CNN-based models have been used in some studies for data classification, processing seismic data, and extracting seismic features [
23,
35]. Jozinović et al. [
35] used CNN to predict earthquakes and earthquake epicenter categorization from a single station waveform data. The proposed CNN model predicts earthquake sources over a wide range of distances and magnitudes with an accuracy of 87%, according to tests utilizing three-component waveform data collected from the USGS. Jozinović et al. [
35] employed CNN to forecast the degree of ground shaking caused by an earthquake after 15–20 s had passed since the time the earthquake originated. According to Ref. [
23], two CNN-based models were developed to assess the seismic reaction of the surface. In their study on earthquake prediction and source region estimation [
3], the authors utilized a deep CNN model.

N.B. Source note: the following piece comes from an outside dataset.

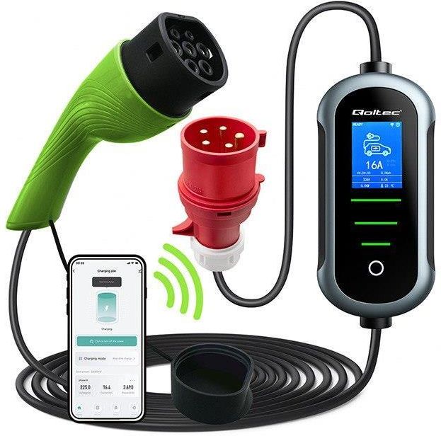 Najlepsze rozwiązanie do ładowania pojazdów elektrycznych Szybkie ładowanie, Uniwersalne podłączenie, Idealna dla długich wyjazdów Nie pozwól, aby niski poziom naładowania akumulatora ograniczał Twoją mobilność. Mobilna ładowarka samochodu elektrycznego Qoltec to praktyczne i niezawodne rozwiązanie, które umożliwia szybkie ładowanie auta elektrycznego z gniazda siłowego CEE 32A. Kompaktowa konstrukcja i solidne wykonanie sprawiają, że urządzenie jest idealne do użytku domowego i w podróży. Wystarczy dostęp do gniazda siłowego 400V, aby bezpiecznie i szybko naładować samochód elektryczny. Ładowarka doskonale sprawdza się podczas wyjazdów służbowych i wakacyjnych, a dzięki dołączonej torbie transportowej możesz przechowywać ją wygodnie w bagażniku. Europejski standard złącza typu 2 Wysoka moc ładowania, 7-stykowe złącze typu 2 zgodne z obowiązującymi przepisami, Cztery opcje (8A, 10A, 13A, 16A) dla optymalnego ładowania Ładowarka Qoltec EV Typ 2 spełnia europejskie normy i jest kompatybilna z większością samochodów elektrycznych dostępnych w Europie. Złącze typu 2 to obecnie oficjalny standard UE, wyposażony w 7 styków - z czego 3 lub 5 odpowiadają za przepływ energii, a 2 za komunikację między ładowarką a pojazdem. Urządzenie obsługuje cztery tryby natężenia prądu: 8A, 10A, 13A i 16A, dzięki czemu możesz dobrać optymalne ustawienia ładowania do swojego samochodu i warunków zasilania. Złącze typu 2 przeznaczone jest do pojazdów o mocy ładowania powyżej 3 kW, co gwarantuje szybkie, efektywne i bezpieczne uzupełnianie energii w akumulatorze. Wielofunkcyjny wyświetlacz LCD Wygodny wyświetlacz LCD 2,4", Monitorowanie dokładnego czasu ładowania, Czujnik temperatury zapewniający bezpieczną pracę ładowarki, Automatyczna naprawa błędów Produkt wyposażony w wielofunkcyjny, wyświetlacz LCD 2,4" i diody LED informujące o stanie ładowania.Na wyświetlaczu możemy : - ustawić wartość natężenia prądu za pomocą przycisku A : 8A, 10A, 13A, 16A; - sprawdzić dokładny czas ładowania, - ustawić opóźnienie czasu ładowania wystarczy użyć przycisku z ikonką zegara, - monitorować temperaturę pracy ładowarki w czasie rzeczywistym dzięki wbudowanemu czujnikowi temperatury wtyczki, ładowarka natychmiast przerwie pracę, jeśli zostanie przekroczona bezpieczna wartość i automatycznie wznowi pracę po powrocie temperatury do normalnego poziomu, - monitorować postępy procesu ładowania, Automatyczna naprawa błędów Dodatkowo wbudowany inteligentny chip dba o stabilność działania i automatycznie koryguje ewentualne błędy, zapewniając bezpieczne ładowanie Twojego samochodu elektrycznego w każdych warunkach. Pełna kontrola nad procesem ładowania Twojego pojazdu elektrycznego Monitoruj i Zarządzaj Ładowaniem za Pomocą Smartfona Zyskaj pełną kontrolę nad ładowaniem swojego samochodu elektrycznego dzięki funkcji WiFi i dedykowanej aplikacji mobilnej. Po sparowaniu telefonu z ładowarką możesz monitorować przebieg ładowania w czasie rzeczywistym, sprawdzać parametry pracy oraz zdalnie dostosowywać ustawienia, takie jak prąd, czas lub plan ładowania.Z aplikacji możesz także zaplanować sesje ładowania w dogodnych godzinach, aby maksymalnie wykorzystać tanią energię i zoptymalizować zużycie prądu. Funkcja opóźnionego ładowania Intuicyjna obsługa, Inteligentna funkcja opóźnienia ładowania o 2, 4, 6 lub 8 godzin Funkcja opóźnionego startu ładowania pozwala Ci zaplanować rozpoczęcie pracy urządzenia o wybranej godzinie - na przykład o 2, 4, 6 lub 8 godzin później. To rozwiązanie idealne dla osób, które chcą korzystać z tańszej, nocnej taryfy energii lub zmniejszyć obciążenie sieci elektrycznej w godzinach szczytu. Ładuj w domu lub w podróży 5-metrowy kabel ładowania i ergonomiczna wtyczka Mobilna ładowarka EV Qoltec to idealne rozwiązanie zarówno do użytku domowego, jak i w podróży. Można ją zamontować na ścianie w garażu lub na zewnątrz — wystarczy wybrać miejsce blisko pojazdu i źródła zasilania 400V wyposażonego we wtyczkę siłową CEE 32A. Dodatkowym atutem jest 5-metrowy kabel ładowania zakończony ergonomiczną wtyczką typu 2, która zapewnia wygodę użytkowania i swobodę podłączenia pojazdu. Dla pełnego bezpieczeństwa zaleca się zastosowanie wyłącznika różnicowoprądowego typu B, który skutecznie chroni przed porażeniem prądem i przeciążeniem instalacji. Wodoodporna obudowa z poliwęglanu Trwała i Odporna na Warunki Atmosferyczne obudowa wykonana z niepalnego poliwęglanu, Łatwy zewnętrzny montaż, Odporność na wodę i pył Konstrukcja ładowarki została wykonana z wysokiej jakości poliwęglanu - materiału niepalnego, odpornego na promieniowanie UV, wodę i kurz. Dzięki klasie szczelności IP65 urządzenie jest w pełni odporne na deszcz, wilgoć i zapylenie, co czyni je idealnym wyborem do montażu zewnętrznego. Postaw na ekologię i zasilaj swój samochód czystą energią Wykorzystaj własną energię słoneczną do ładowania samochodu, Doładuj swój pojazd nawet kilka razy szybciej Wybierając ładowarkę Qoltec EV, stawiasz na ekologiczne i ekonomiczne rozwiązanie. Dzięki integracji z instalacją fotowoltaiczną możesz ładować swój samochód energią odnawialną, ograniczając tym samym koszty eksploatacji i emisję dwutlenku węgla. To nie tylko korzyść dla środowiska, ale i realne oszczędności w domowym budżecie. Zasilanie samochodu czystą energią słoneczną pozwala na uzupełnienie baterii nawet kilka razy szybciej, w zależności od mocy paneli, pojemności akumulatora oraz pokonywanych dystansów. Możesz ładować pojazd na dwa sposoby: • bezpośrednio w czasie produkcji energii z paneli fotowoltaicznych - to najbardziej efektywny i opłacalny wariant, • z wykorzystaniem nadwyżki energii zgromadzonej w magazynie energii lub oddanej do sieci, co umożliwia

Both the amplitude and the natural periods can be reasonably well predicted by the models that have been developed. These studies have all relied on waveform data collected from a single base station and do not take into account geographical information in their predictions.
In recent times, a hybrid deep learning model known as a graph convolutional neural network (GCNN) has gained popularity for its ability to accurately forecast earthquakes by exploiting seismic data. In Refs. [
8,
24], they used the GNN model to demonstrate how sensor position data, when combined with time-series data, may be utilized by graph-based networks. They used graph-based networks, which served as proof of this. The results of studies conducted on two seismic datasets that include earthquake waveforms point to promising outcomes. A deep CNN and GNN model, known as GCNN, was developed by Ref. [
4] and Ref. [
16] for the classification of earthquake events using a large number of stations. When combined with the spatial data provided by the stations, the features that the CNN layers extract from the waveform data help the GNN provide accurate earthquake predictions. Based on geophysical array data, a model using CNN and GNN to predict earthquakes was put out by Ref. [
27]. This model is based on graph partitioning technique. Although they utilized data from numerous seismic stations, they completely disregarded the geographic information of these seismic stations.
Multiple stations in various locations can pick up on a variety of events. There is a connection between the observations that were gathered from the various stations, even if it is possible to generate diverse data due to the presence of multiple stations [
4]. A great amount of consistent data can be generated from a single station’s measurements. As a result, earthquake prediction using data from numerous stations is a more difficult challenge for deep learning models to accomplish than earthquake prediction using data from a single station [
24]. While CNN-based models are frequently utilized for processing single-station datasets [
14,
29], GCNN models are effective for the processing of multiple-station datasets [
8,
16]. In this study, our aim was to design a method for quick and reliable estimation of an earthquake’s magnitude directly from raw seismograms recorded on a single station.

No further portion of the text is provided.